The front end of our compute cloud consists of a domain-specific UI and REST interface. We use Apache Aurora, a proven and battle-tested service scheduler for the Apache Mesos cluster manager, as the base for the back end. Aurora excels at starting processes on a cluster and keeping them alive even in presence of hardware and software failures.
- By using Apache Aurora we gain a clear separation of concerns: Data scientists specify what they want to run using the UI or a set of Ansible roles
- Our middleware translates this into a specification of how it will be run (e.g. number of instances, destination for log files, etc.)
- Aurora then manages the placement and execution on the cluster, including the supervision of the spawned processes.
We use Aurora to run cron jobs, Python-based microservices and our distributed in-house batch processing framework for machine learning. We spawn the framework as two kinds of Aurora jobs: One for the master and one for the workers.

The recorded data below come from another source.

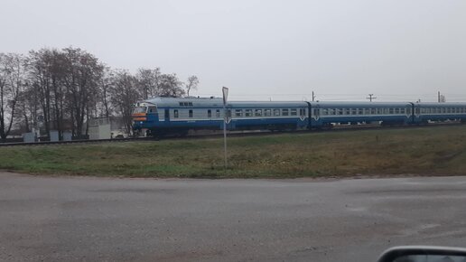 Встреча дизель-поезда ДР1а на переезде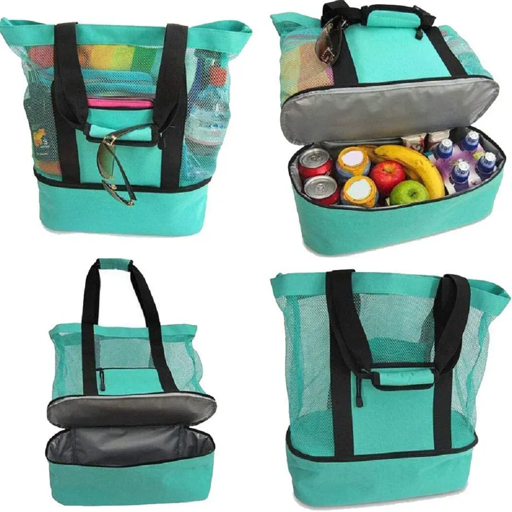 1 шт. Большая вместительная Женская сетчатая прозрачная сумка с двойным слоем для сохранения тепла большие пляжные сумки для пикника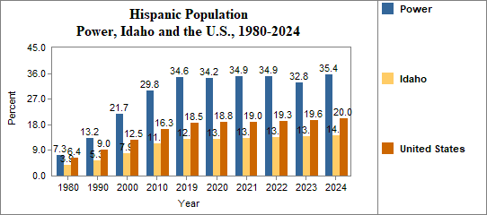 - Hispanic residents made up 35.4 percent of the population in 2024, compared to 14.3 percent in Idaho.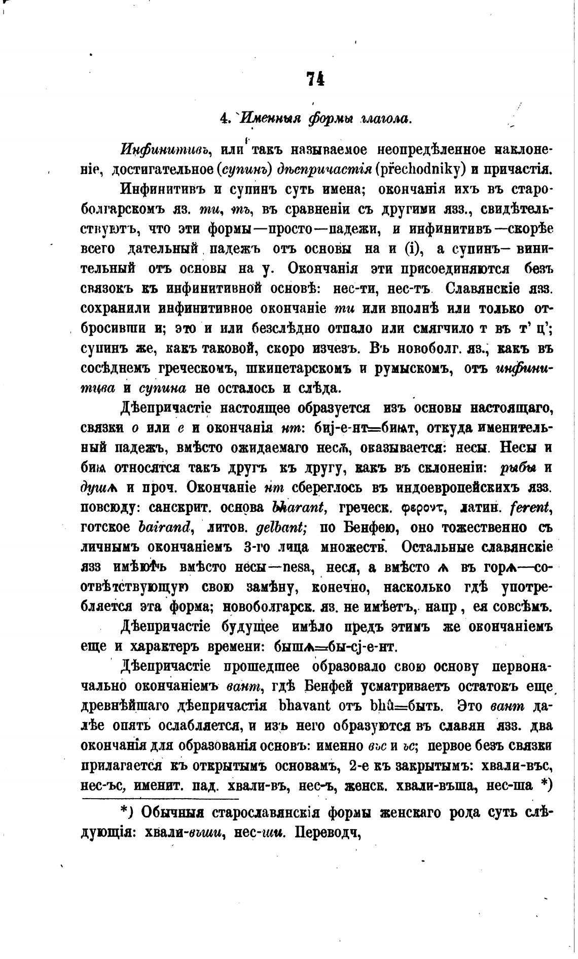 Инфинитивъ и супинъ суть имена; ихъ въ старо-
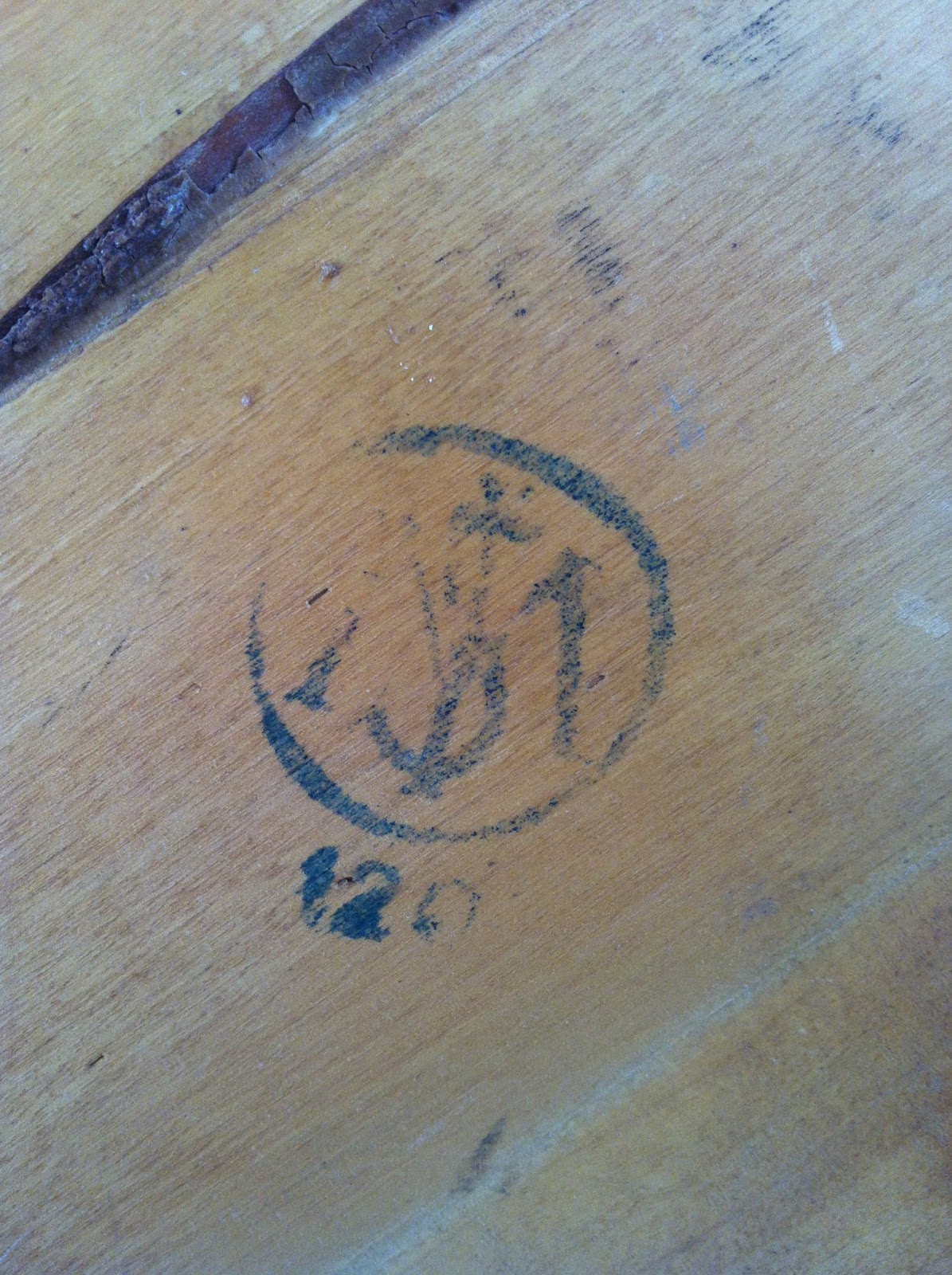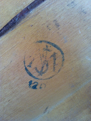 Gungstolen fyndade jag för 50 spänn tidigare i somras. Har fått för mig att det var ett riktigt kap, då jag såg en likadan för närmare 1000-lappen… Nån som känner igen den och vet var den kommer ifrån? Finns en stämpel på undersidan som är lite svårtydd men ser ut så här.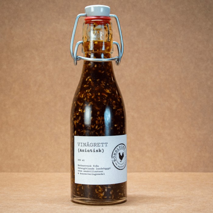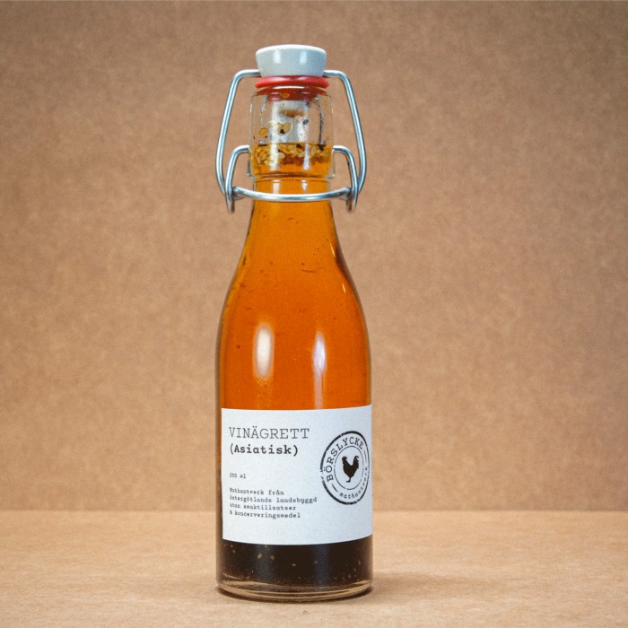 Börslycke Gård Asiatisk Vinägrett är en hantverksmässigt tillverkad vinägrett skapad i liten skala med stort fokus på smak och kvalitet. I producentens kök tillverkas vinägretten med omsorg och respekt för råvarorna, helt utan tillsatser.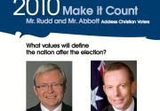 '2010 Make it Count': Kevin Rudd and Tony Abbott to speak live to Christians across the nation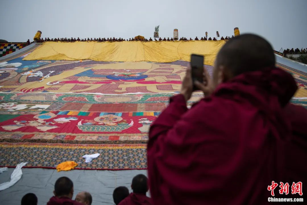 西藏拉薩哲蚌寺舉(ju) 行展佛活動,僧人用手機記錄。何蓬磊 攝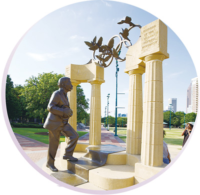 位于美國亞特蘭大市中心的百年奧林匹克紀念公園于1996年亞特蘭大奧運會舉辦之際建成,奧運會后成為當?shù)厝说倪\動和休閑場地。圖為園內“現(xiàn)代奧林匹克之父”顧拜旦的雕塑,以紀念其為復興現(xiàn)代奧林匹克運動所作的貢獻。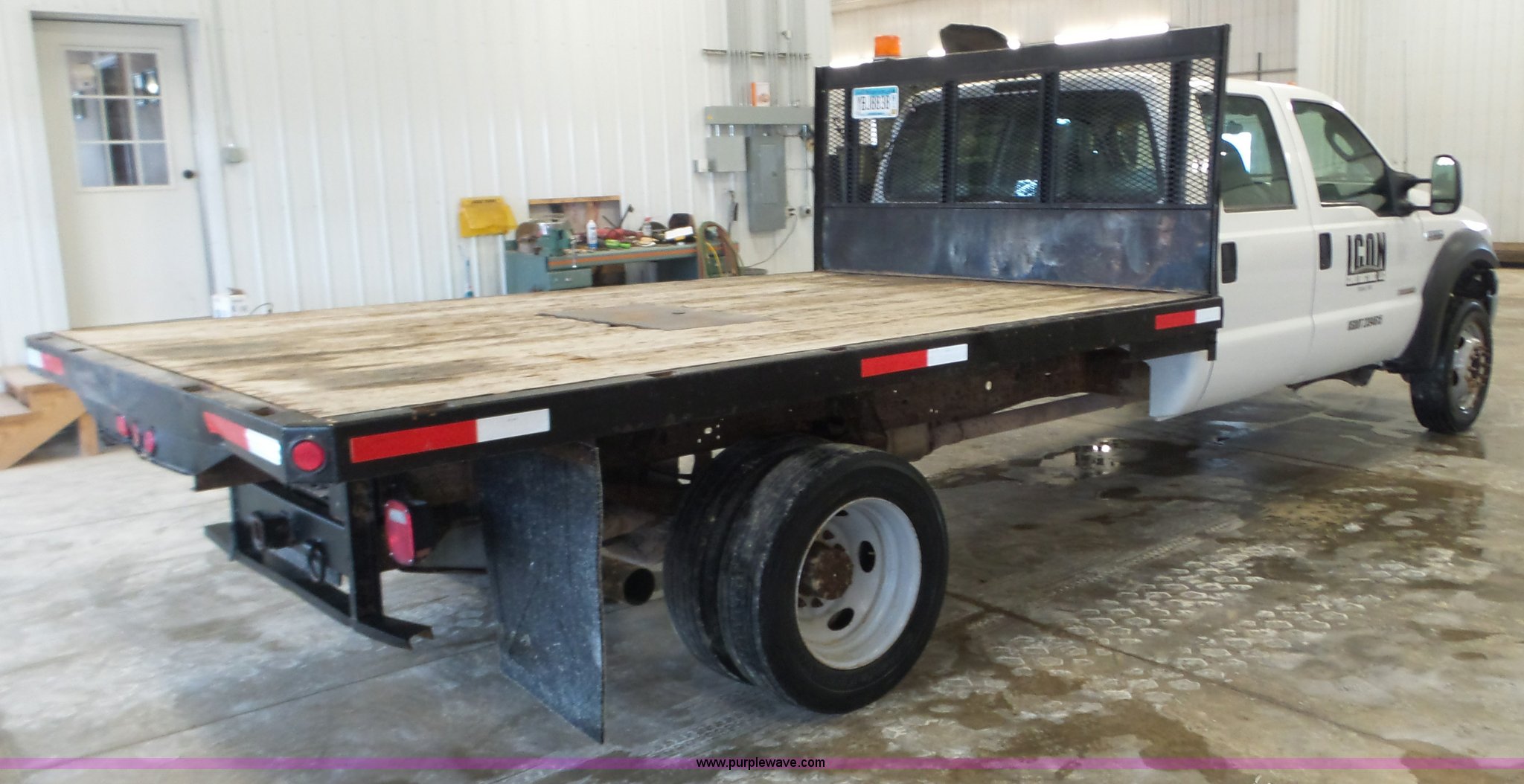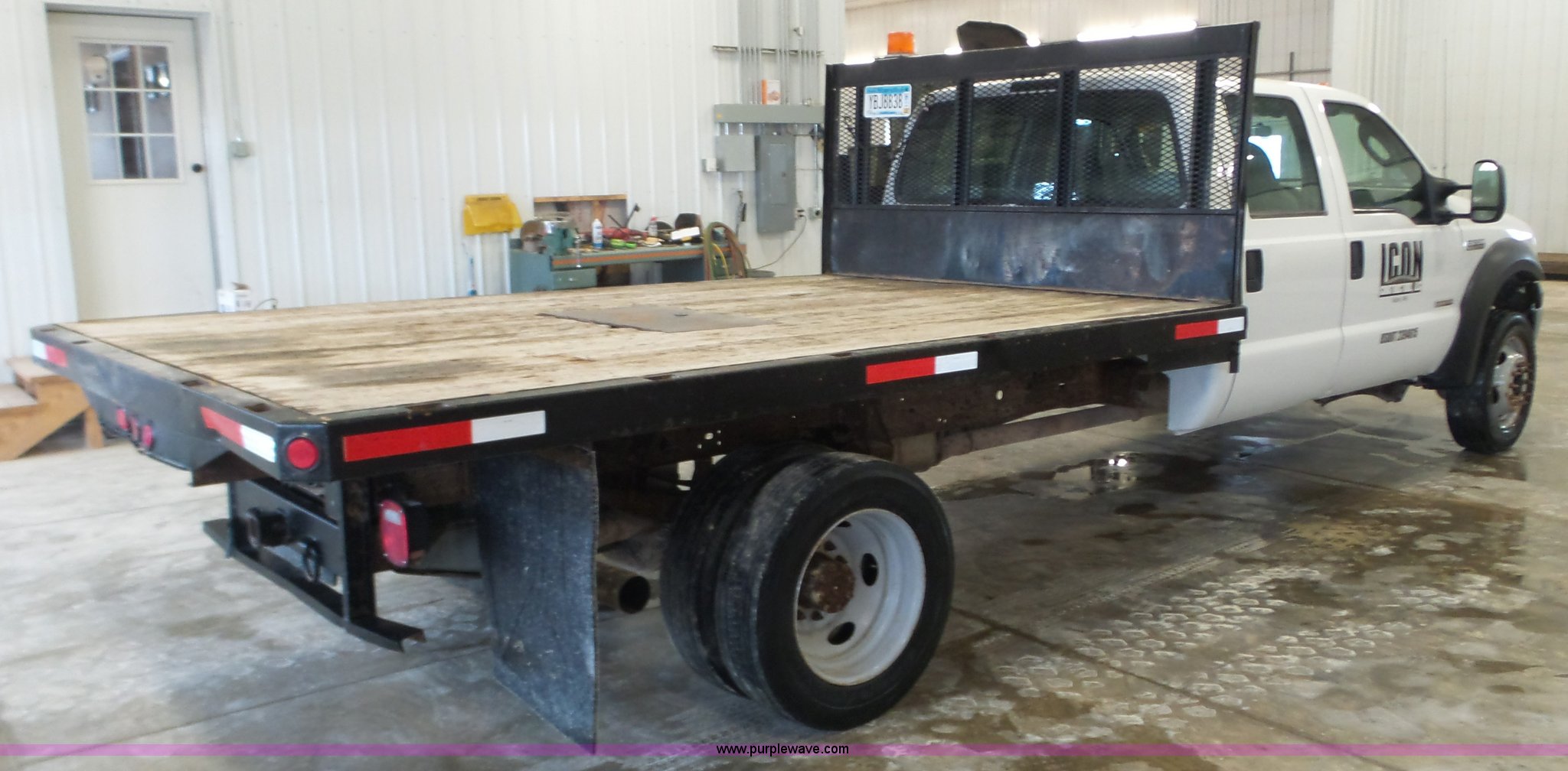 Purple Wave is selling a used Flat Bed Truck in Minnesota. This item is a 2007 Ford F550 Super Duty Crew Cab flatbed truck with the following: 114,056 miles on odometer, 6.0L V8 OHV 32V turbo diesel engine, Automatic transmission, Four wheel drive, AC and heat, Tilt, Cruise, AM/FM/CD, Manual windows and locks, Cloth interior, Front tow hooks, 12'L x 8'W flatbed, Gooseneck ball, Receiver hitch, 225/75R19.5 tires

When multiple batch processing frameworks are competing for resources, we instrument Aurora’s job updater to dynamically adjust the number of worker instances per framework according to load, fairness and other SLA criteria.
For our data scientists, this elasticity culminates in faster iteration cycles for their experiments, as they can profit from the aggregate power of the shared compute infrastructure. For us operators, adopting Apache Aurora as a replacement for a custom cluster scheduler helped to improve the resilience and maintainability of our platform. When we want to update the kernel of a host, we can smoothly drain all tasks it’s running without any impact on our users. Furthermore, by using a mediator in front of Aurora, we gain the consistency and standardization required for seamless operations. This means we can know exactly which software versions are currently running on the cluster, which is a crucial ingredient of our compliance and security standard.